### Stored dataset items
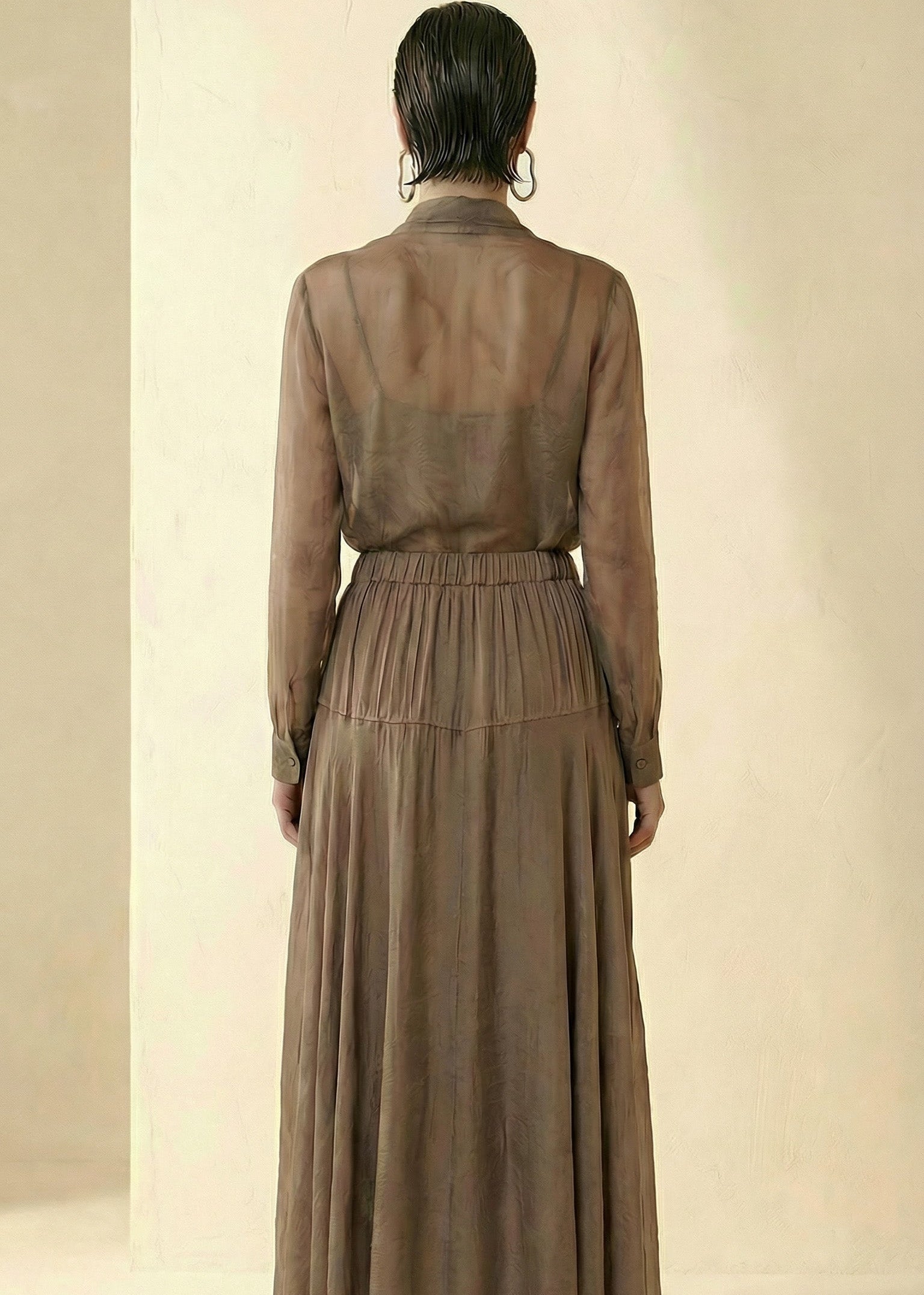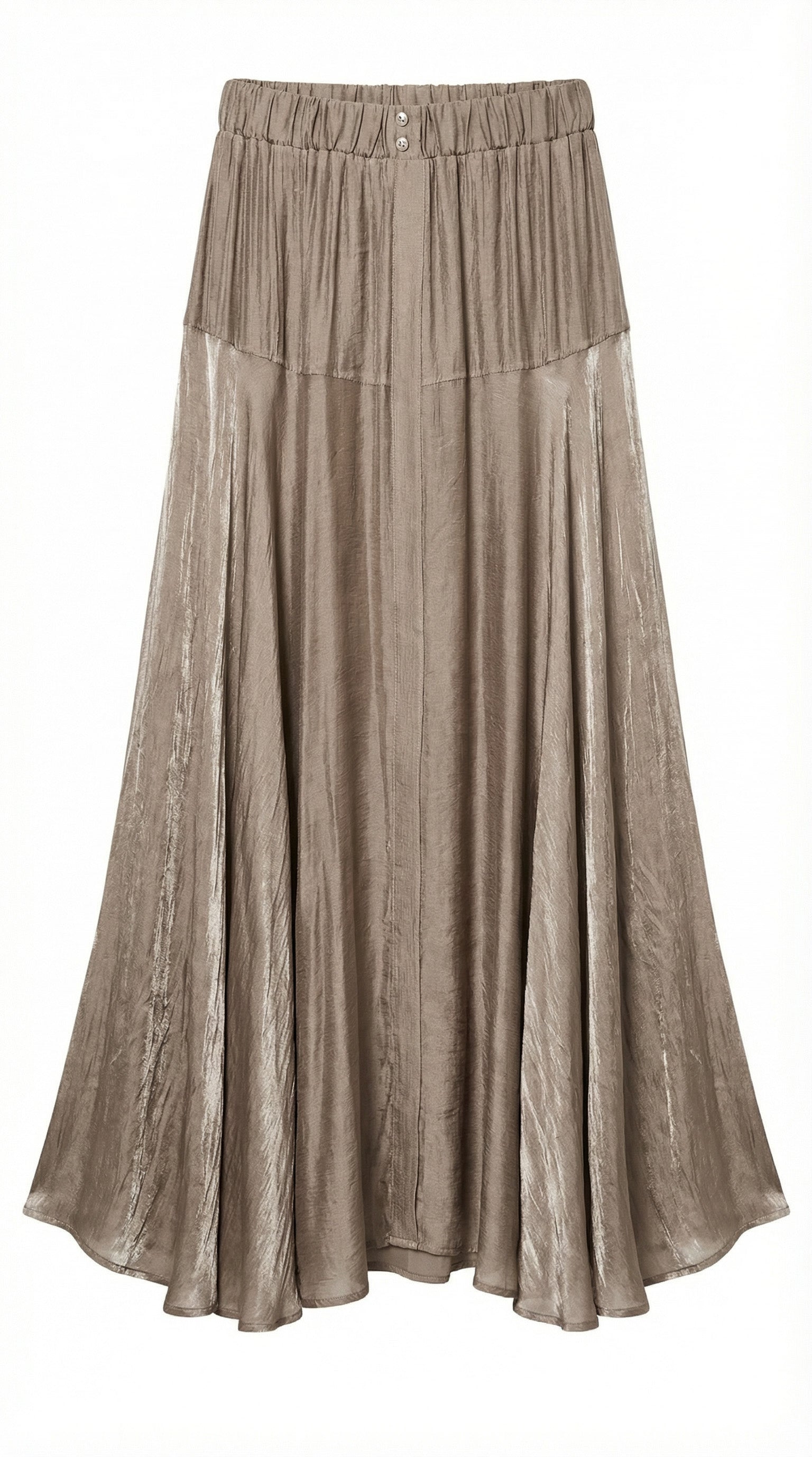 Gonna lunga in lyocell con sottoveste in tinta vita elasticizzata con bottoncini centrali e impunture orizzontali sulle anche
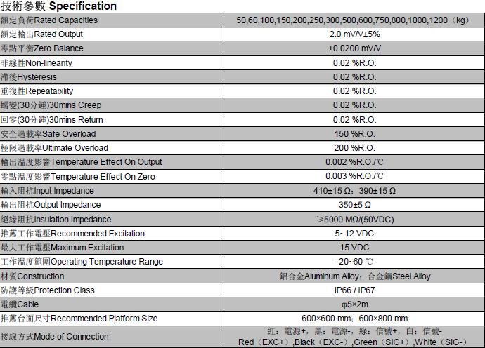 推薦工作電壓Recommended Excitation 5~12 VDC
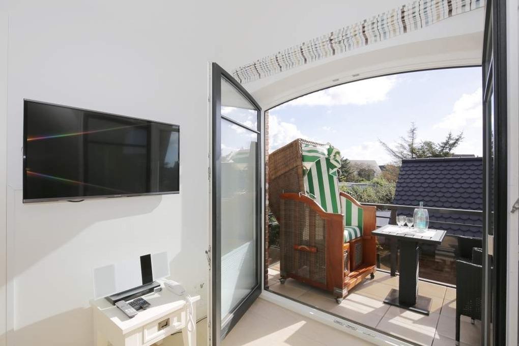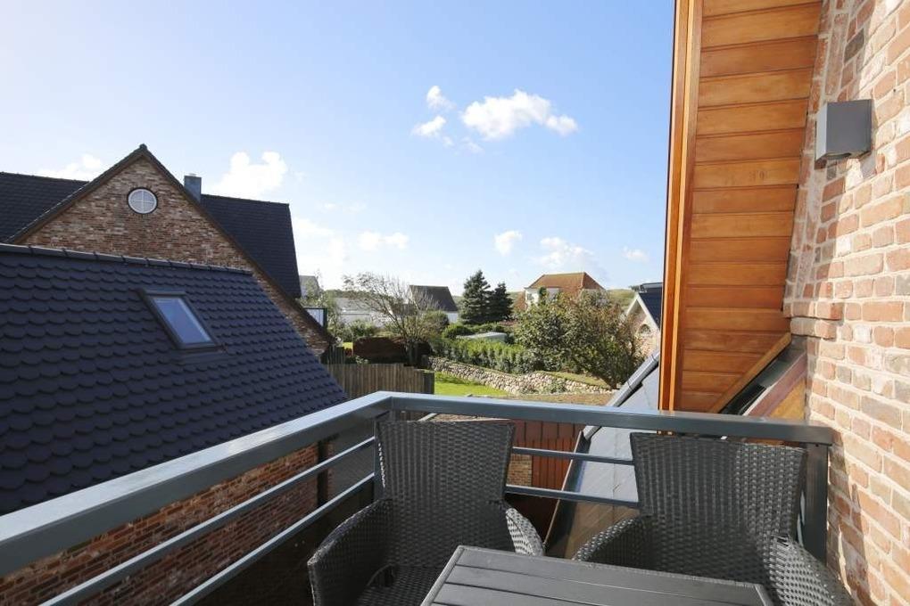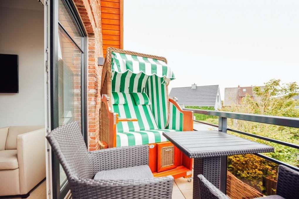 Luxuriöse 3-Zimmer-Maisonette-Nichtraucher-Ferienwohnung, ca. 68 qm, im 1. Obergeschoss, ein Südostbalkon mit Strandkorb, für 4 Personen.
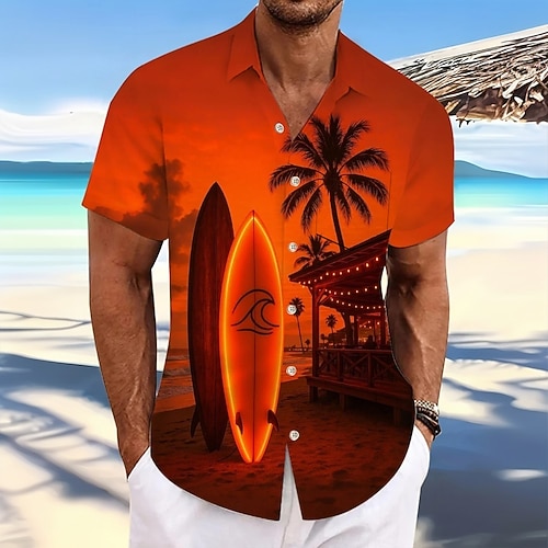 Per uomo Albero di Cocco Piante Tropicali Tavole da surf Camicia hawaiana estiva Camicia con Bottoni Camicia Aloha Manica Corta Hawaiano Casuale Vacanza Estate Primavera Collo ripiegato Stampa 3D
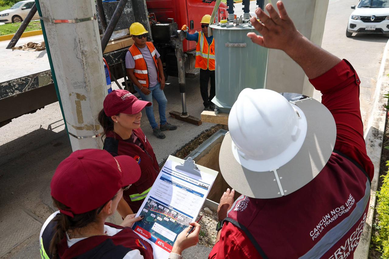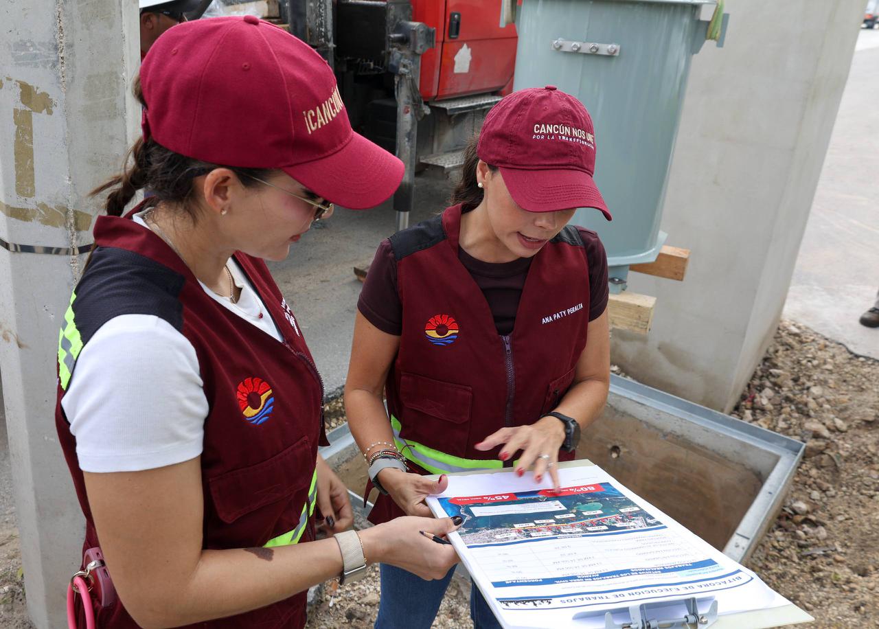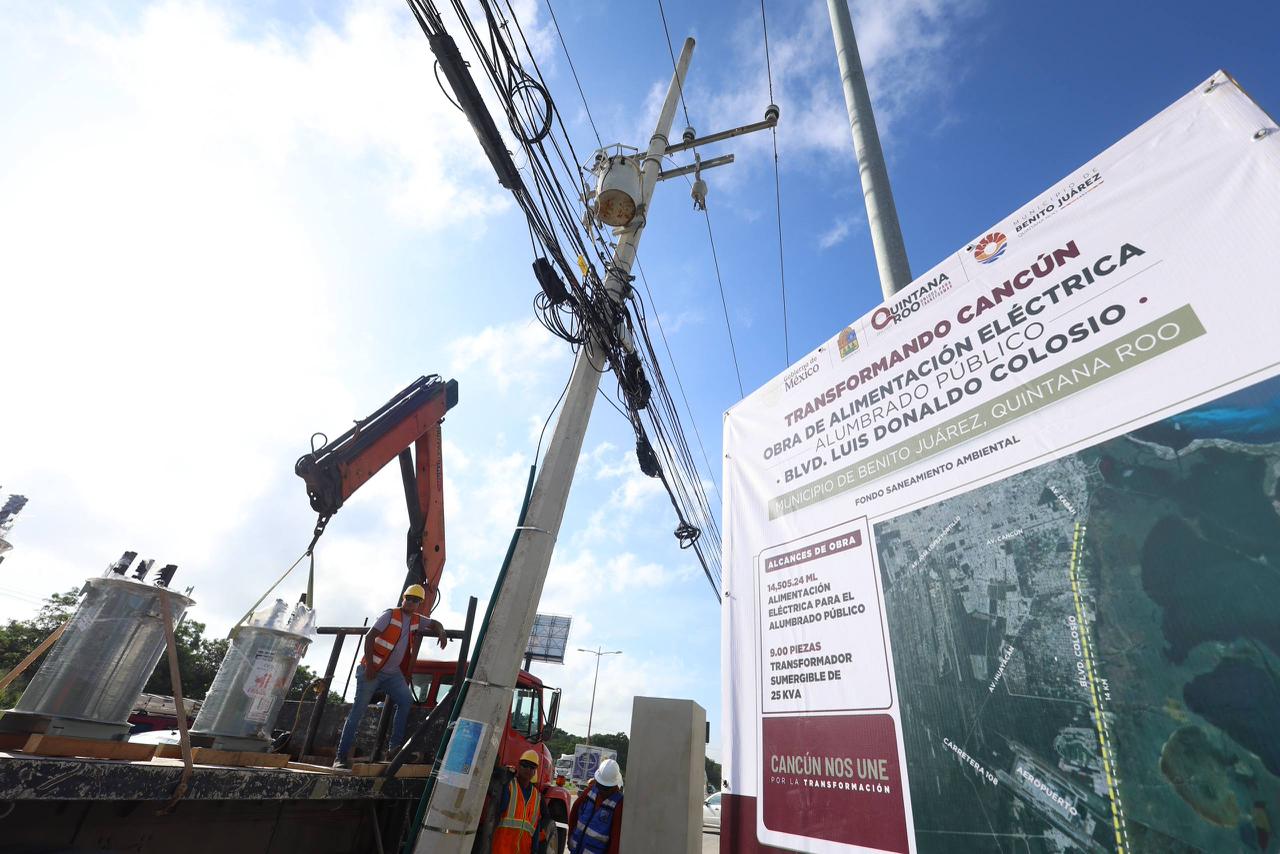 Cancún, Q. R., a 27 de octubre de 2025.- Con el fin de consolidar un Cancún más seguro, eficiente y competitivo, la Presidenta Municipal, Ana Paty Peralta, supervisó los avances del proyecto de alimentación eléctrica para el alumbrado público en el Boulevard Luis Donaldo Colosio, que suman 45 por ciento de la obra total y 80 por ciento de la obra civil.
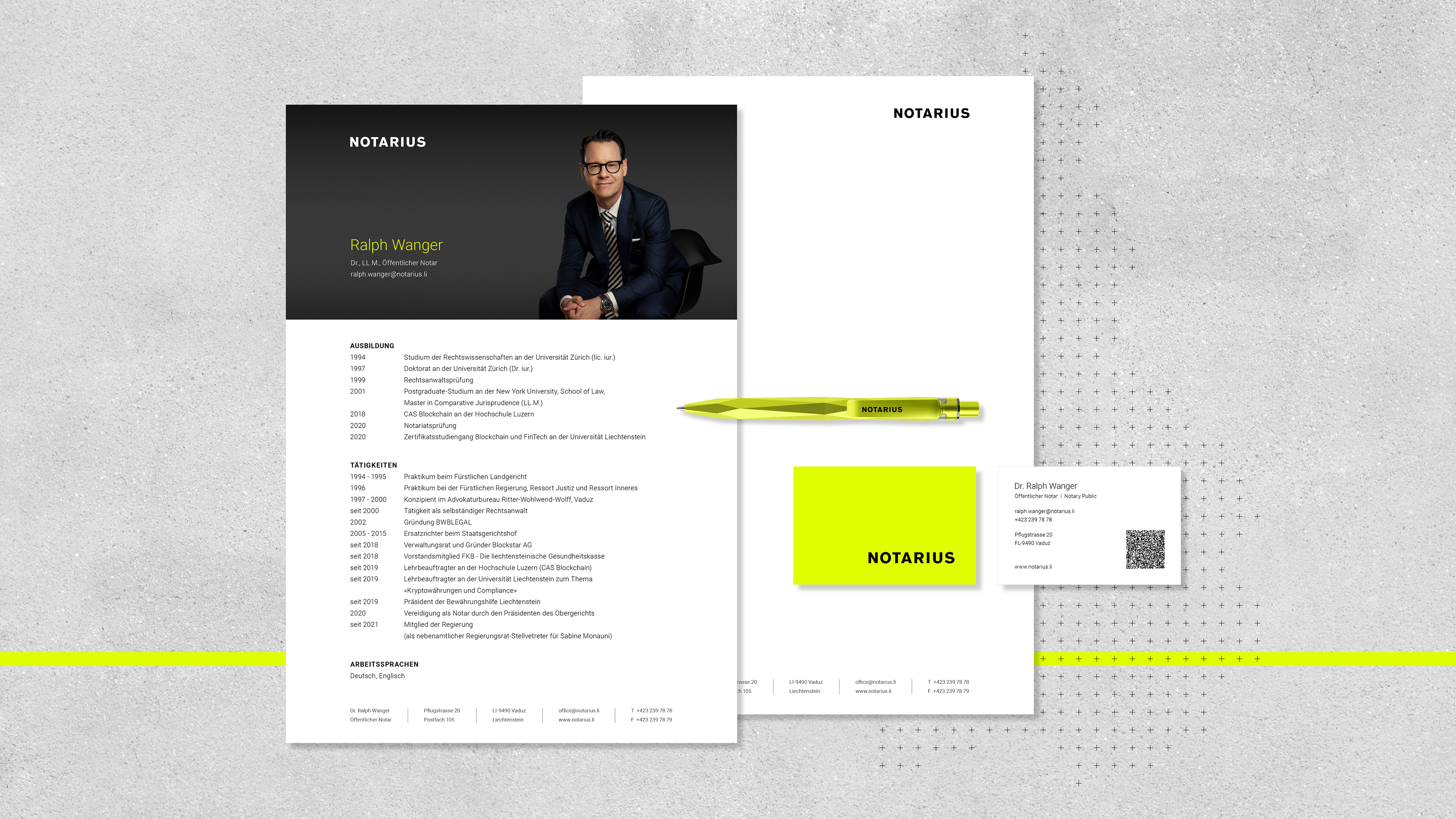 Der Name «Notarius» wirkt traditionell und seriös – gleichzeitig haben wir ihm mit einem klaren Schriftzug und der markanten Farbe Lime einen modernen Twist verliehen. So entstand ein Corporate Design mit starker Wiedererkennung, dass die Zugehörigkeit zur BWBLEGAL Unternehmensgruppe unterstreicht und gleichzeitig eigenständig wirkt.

### Task statement
Only the lines above from the one containing "Luxuriöse 3-Zimmer-Maisonette-Nichtraucher-Ferienwohnung, ca." through the one containing "Per uomo Albero" should be returned, verbatim and inclusive, with pictures excluded.

### Written response
 Luxuriöse 3-Zimmer-Maisonette-Nichtraucher-Ferienwohnung, ca. 68 qm, im 1. Obergeschoss, ein Südostbalkon mit Strandkorb, für 4 Personen.
 Per uomo Albero di Cocco Piante Tropicali Tavole da surf Camicia hawaiana estiva Camicia con Bottoni Camicia Aloha Manica Corta Hawaiano Casuale Vacanza Estate Primavera Collo ripiegato Stampa 3D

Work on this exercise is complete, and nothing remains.